* Available data *
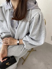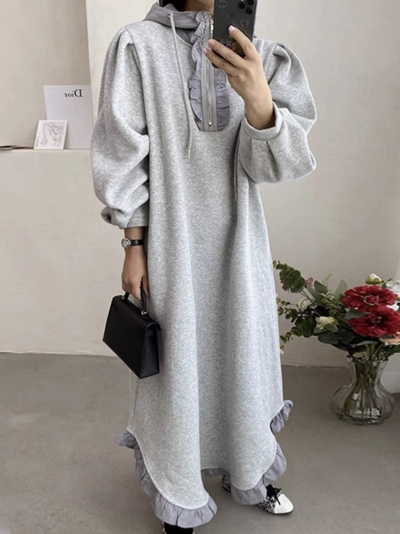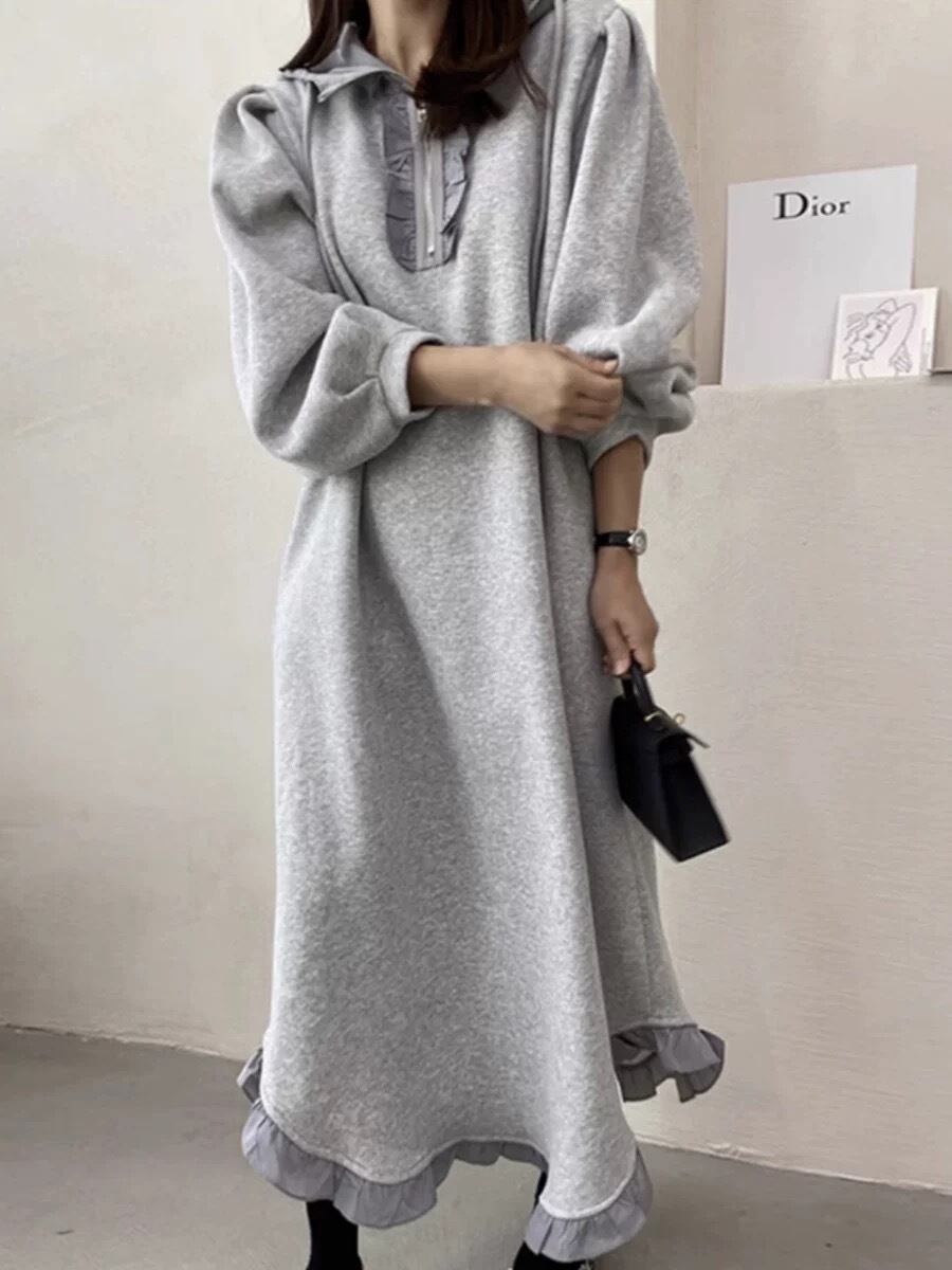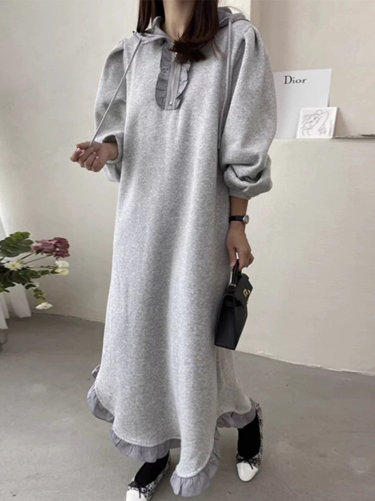 スウェット グレー 黒 パーカー フード ワンピース カジュアル マキシ トレーナー パーカー XL
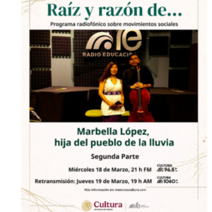 Presentamos la segunda parte dedicada a la poeta indígena Marbella López, originaria del “pueblo de la lluvia”. El programa explora una faceta fundamental de su trabajo: la promoción de la lectura y la revitalización de la lengua tu’un savi (mixteco) entre niñas y niños de su comunidad en Santiago Jicayán, Oaxaca. A través de su testimonio, Marbella comparte la creación de talleres de lectura bilingüe basados en el método de acercamiento afectivo, que prioriza las emociones, la participación voluntaria y el respeto a la identidad cultural. Su iniciativa, surgida desde el proyecto “Semilleros de Arte”, ha impactado a más de cien niños, motivándolos no solo a leer, sino también a reconectar con su lengua materna. El programa también destaca la organización comunitaria que permitió la creación de una biblioteca infantil, así como la formación de jóvenes promotores de lectura que darán continuidad al proyecto. La emisión se enriquece con la lectura de poemas de la autora en tu’un savi y español, acompañados por el chelo de Arturo Mendoza, así como una reflexión sobre el papel de la música en las luchas culturales contemporáneas.. Los puentes musicales son del maestro de la música de la Costa Chica, Higinio Peláez.
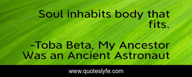 This page presents the quote "Soul inhabits body that fits.". Author of this quote is Toba Beta, My Ancestor Was an Ancient Astronaut. This quote is about body, soul, fit,.

* What to produce *
Copy the listing exactly. Leave the pictures out.

* Completed task *
 スウェット グレー 黒 パーカー フード ワンピース カジュアル マキシ トレーナー パーカー XL
 Presentamos la segunda parte dedicada a la poeta indígena Marbella López, originaria del “pueblo de la lluvia”. El programa explora una faceta fundamental de su trabajo: la promoción de la lectura y la revitalización de la lengua tu’un savi (mixteco) entre niñas y niños de su comunidad en Santiago Jicayán, Oaxaca. A través de su testimonio, Marbella comparte la creación de talleres de lectura bilingüe basados en el método de acercamiento afectivo, que prioriza las emociones, la participación voluntaria y el respeto a la identidad cultural. Su iniciativa, surgida desde el proyecto “Semilleros de Arte”, ha impactado a más de cien niños, motivándolos no solo a leer, sino también a reconectar con su lengua materna. El programa también destaca la organización comunitaria que permitió la creación de una biblioteca infantil, así como la formación de jóvenes promotores de lectura que darán continuidad al proyecto. La emisión se enriquece con la lectura de poemas de la autora en tu’un savi y español, acompañados por el chelo de Arturo Mendoza, así como una reflexión sobre el papel de la música en las luchas culturales contemporáneas.. Los puentes musicales son del maestro de la música de la Costa Chica, Higinio Peláez.
 This page presents the quote "Soul inhabits body that fits.". Author of this quote is Toba Beta, My Ancestor Was an Ancient Astronaut. This quote is about body, soul, fit,.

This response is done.